Pandas read_csv without knowing whether header is present
using new feature - selection by callable:
cols = ['Name','Sex']
df = (pd.read_csv(filename, header=None, names=cols)
[lambda x: np.ones(len(x)).astype(bool)
if (x.iloc[0] != cols).all()
else np.concatenate([[False], np.ones(len(x)-1).astype(bool)])]
)
using .query() method:
df = (pd.read_csv(filename, header=None, names=cols)
.query('Name != "Name" and Sex != "Sex"'))
i'm not sure that this is the most elegant way, but this should work as well:
df = pd.read_csv(filename, header=None, names=cols)
if (df.iloc[0] == cols).all():
df = df[1:].reset_index(drop=True)
I've come up with a way of detecting the header without prior knowledge of its names:
if any(df.iloc[0].apply(lambda x: isinstance(x, str))):
df = df[1:].reset_index(drop=True)
And by changing it slightly, it can update the current header with the detected one:
if any(df.iloc[0].apply(lambda x: isinstance(x, str))):
df = df[1:].reset_index(drop=True).rename(columns=df.iloc[0])

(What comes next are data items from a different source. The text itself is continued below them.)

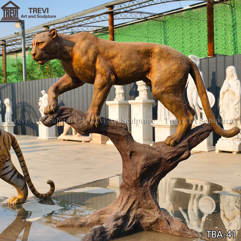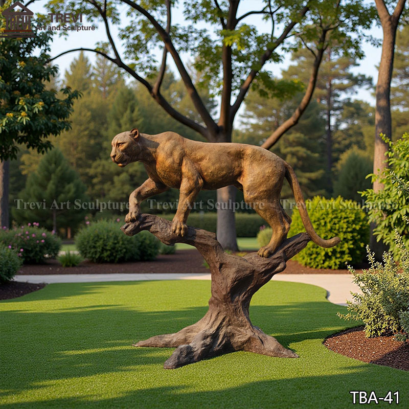 We use advanced bronze chemical coloring technology to make the color of the statue more realistic. Through a series of complex chemical oxidation processes, the hair of the mountain lion presents different shades of brown and yellow, which contrast sharply with the dark brown of the tree trunk. It is very artistic. This coloring process not only makes the statue more three-dimensional but also effectively prevents fading and maintains a long-lasting visual effect.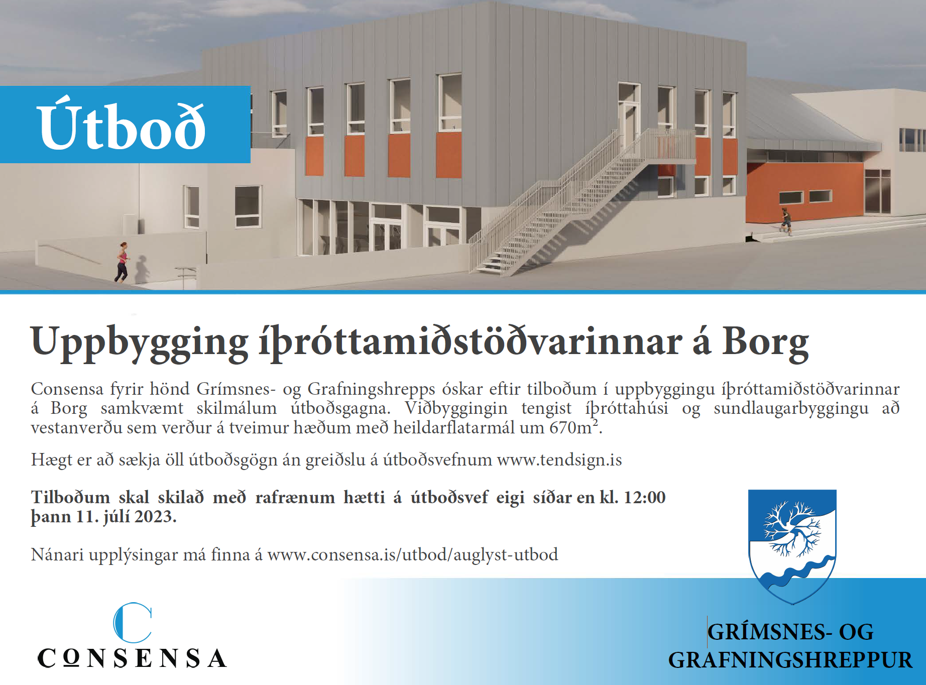 Consensa fyrir hönd Grímsnes- og Grafningshrepps óskar eftir tilboðum í uppbyggingu íþróttamiðstöðvarinnar á Borg samkvæmt skilmálum útboðsgagna. Viðbyggingin tengist íþróttahúsi og sundlaugarbyggingu að vestanverðu sem verður á tveimur hæðum með heildarflatarmál um 670m². Á 1.hæð viðbyggingar mun vera líkamsræktaraðstaða, sjúkraþjálfun ásamt stoðrýmum en á 2.hæð verða skrifstofurými og stoðrými. Gert er ráð fyrir að hvor hæð fyrir sig geti starfað sem sjálfstæð rekstrareining með aðgengi um sameiginlegan inngang, stigahús og lyftu á milli hæða.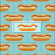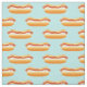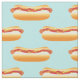Ce tissu présente un motif d'une délicieuse illustration de hot dog de dessin animé. Le hot dog a un bon petit pain et il y a du ketchup et de la moutarde au-dessus de la saucisse.
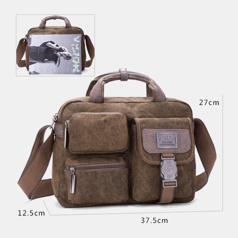 Miesten Paksu Kangas Monitaskuinen Suuri Kapasiteetti Crossbody Olkalaukku Takana Varkaudenesto Tasku Käsilaukku

This would allow easily selecting the desired behavior:
update_header = True
if any(df.iloc[0].apply(lambda x: isinstance(x, str))):
new_header = df.iloc[0]
df = df[1:].reset_index(drop=True)
if update_header:
df.rename(columns=new_header, inplace=True)
Pros:
- Doesn't require prior knowledge of the header's names.
- Can be used to update the header automatically if an existing one is detected.
Cons:
- Won't work well if data contains strings. Replacing
if any()
to require all elements to be strings might help, unless data also contains entire rows of strings.